WORK TO BE COMPLETED:
Note the line containing "Stolček podporuje učenie"; from it through the last line below, give only those lines again, exactly, both ends included, skipping pictures.

Records excerpted from a collection

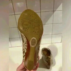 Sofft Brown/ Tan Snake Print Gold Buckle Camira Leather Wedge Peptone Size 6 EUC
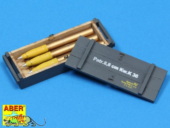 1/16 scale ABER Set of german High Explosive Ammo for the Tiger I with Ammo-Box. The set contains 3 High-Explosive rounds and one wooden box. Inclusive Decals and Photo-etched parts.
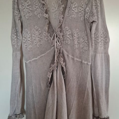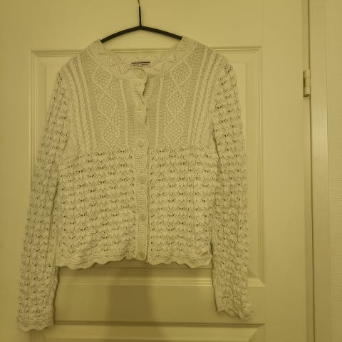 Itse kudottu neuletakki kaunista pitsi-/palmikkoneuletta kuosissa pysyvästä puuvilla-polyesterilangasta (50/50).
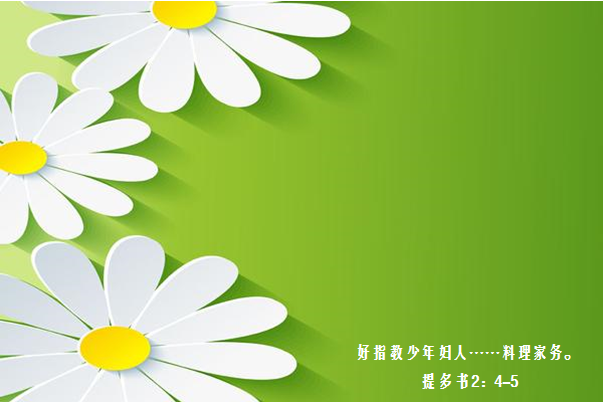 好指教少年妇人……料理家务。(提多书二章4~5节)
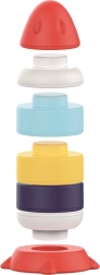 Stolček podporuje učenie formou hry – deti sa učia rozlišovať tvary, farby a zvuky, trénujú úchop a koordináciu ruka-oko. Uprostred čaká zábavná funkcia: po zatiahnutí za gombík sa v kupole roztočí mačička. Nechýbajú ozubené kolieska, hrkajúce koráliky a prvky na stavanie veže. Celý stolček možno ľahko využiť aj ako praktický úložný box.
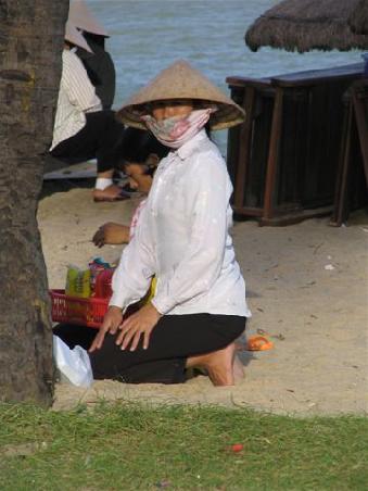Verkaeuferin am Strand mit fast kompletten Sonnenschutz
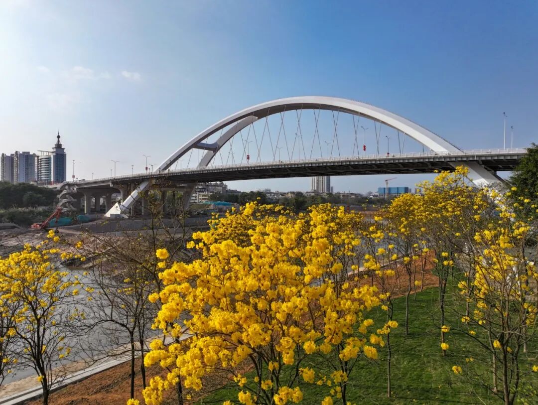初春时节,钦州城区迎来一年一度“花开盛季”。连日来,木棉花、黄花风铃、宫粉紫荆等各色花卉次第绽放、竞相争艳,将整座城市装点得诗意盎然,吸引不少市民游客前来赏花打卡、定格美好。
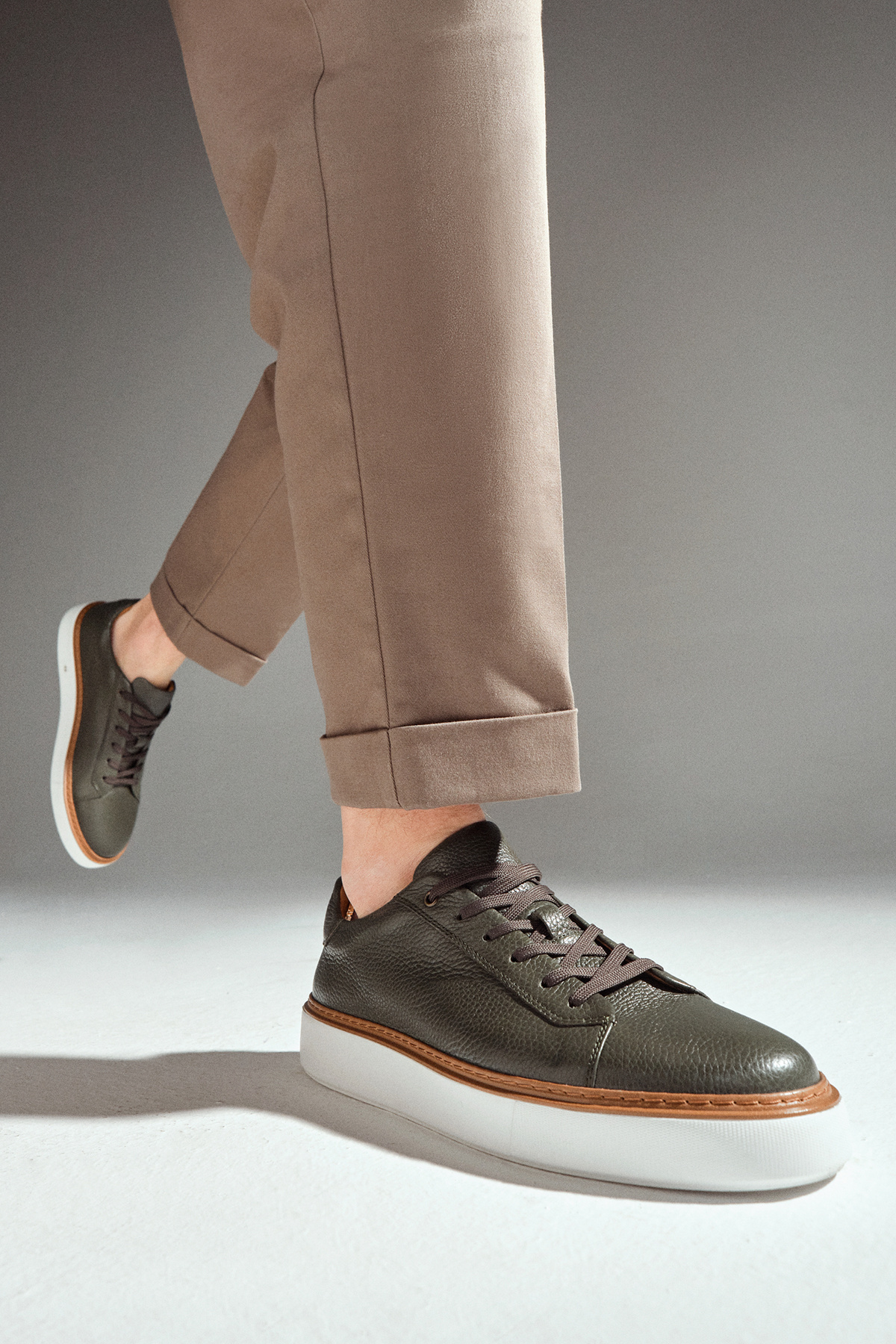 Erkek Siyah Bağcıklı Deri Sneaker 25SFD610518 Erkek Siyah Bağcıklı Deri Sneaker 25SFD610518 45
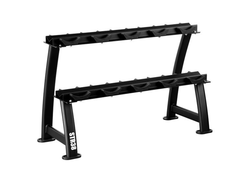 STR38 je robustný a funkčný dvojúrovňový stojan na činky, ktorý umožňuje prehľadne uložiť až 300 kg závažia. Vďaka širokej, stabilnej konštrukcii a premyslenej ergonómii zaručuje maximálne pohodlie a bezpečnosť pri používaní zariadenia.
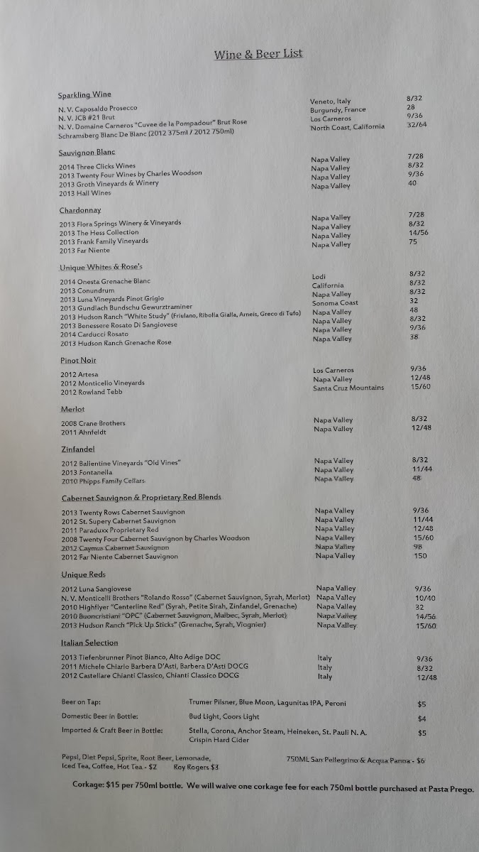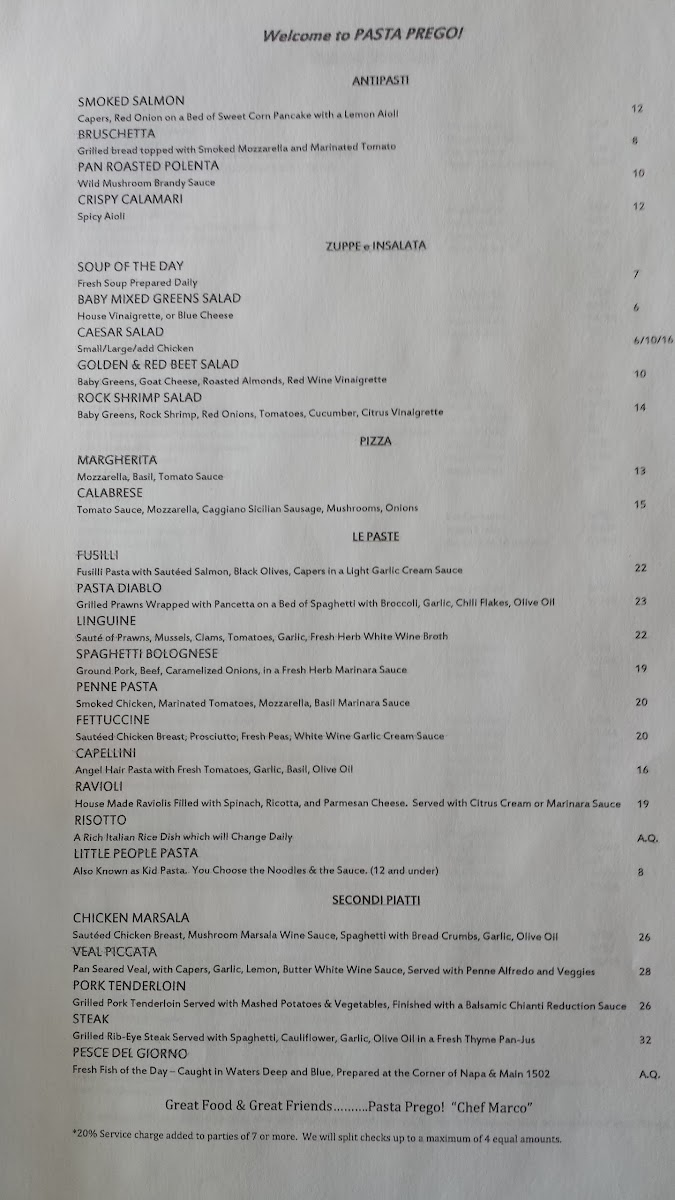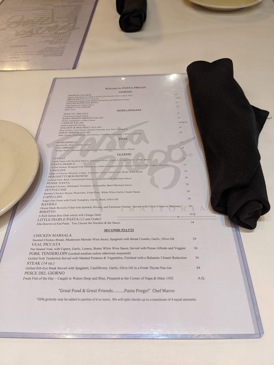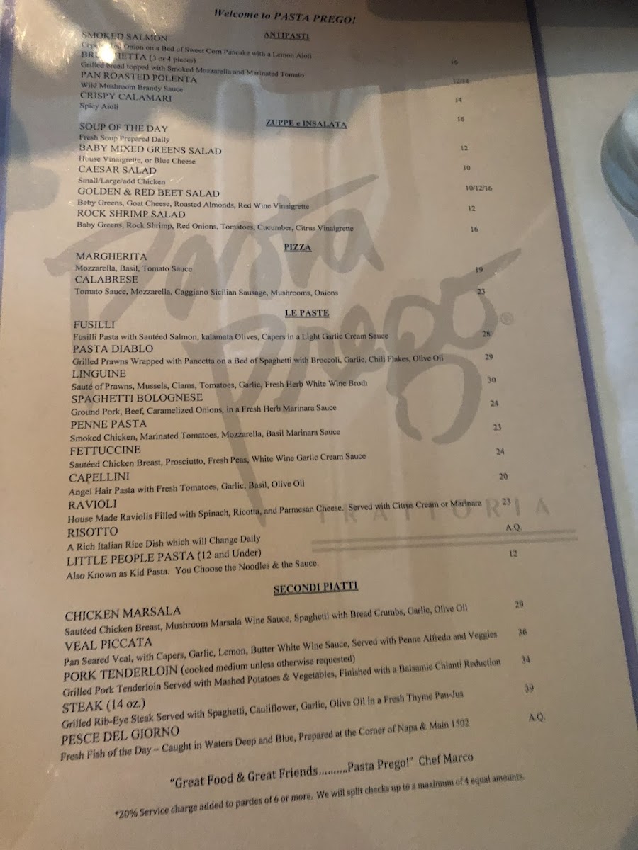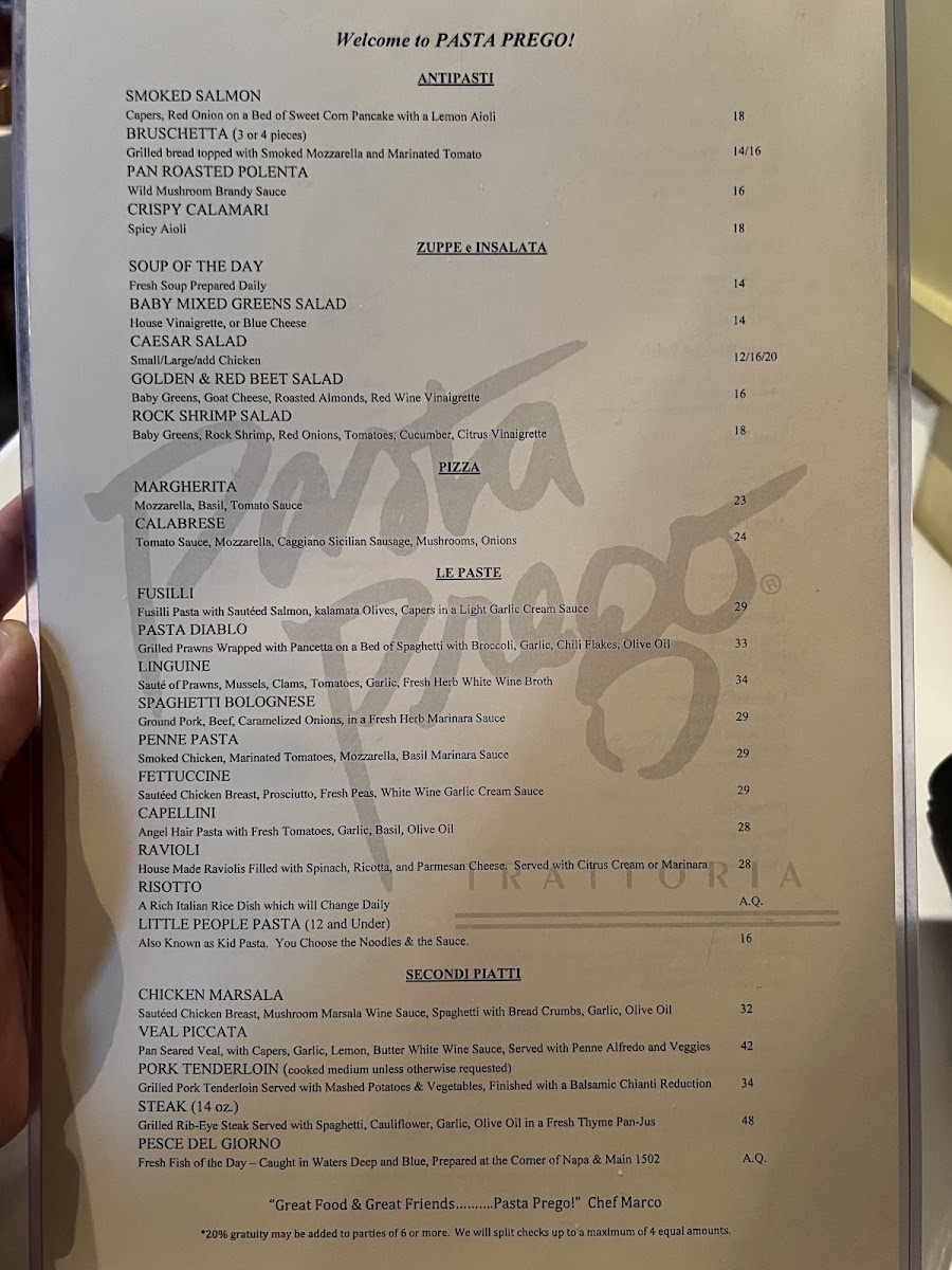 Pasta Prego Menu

WRITTEN RESPONSE:
 Stolček podporuje učenie formou hry – deti sa učia rozlišovať tvary, farby a zvuky, trénujú úchop a koordináciu ruka-oko. Uprostred čaká zábavná funkcia: po zatiahnutí za gombík sa v kupole roztočí mačička. Nechýbajú ozubené kolieska, hrkajúce koráliky a prvky na stavanie veže. Celý stolček možno ľahko využiť aj ako praktický úložný box.
Verkaeuferin am Strand mit fast kompletten Sonnenschutz
初春时节,钦州城区迎来一年一度“花开盛季”。连日来,木棉花、黄花风铃、宫粉紫荆等各色花卉次第绽放、竞相争艳,将整座城市装点得诗意盎然,吸引不少市民游客前来赏花打卡、定格美好。
 Erkek Siyah Bağcıklı Deri Sneaker 25SFD610518 Erkek Siyah Bağcıklı Deri Sneaker 25SFD610518 45
 STR38 je robustný a funkčný dvojúrovňový stojan na činky, ktorý umožňuje prehľadne uložiť až 300 kg závažia. Vďaka širokej, stabilnej konštrukcii a premyslenej ergonómii zaručuje maximálne pohodlie a bezpečnosť pri používaní zariadenia.
 Pasta Prego Menu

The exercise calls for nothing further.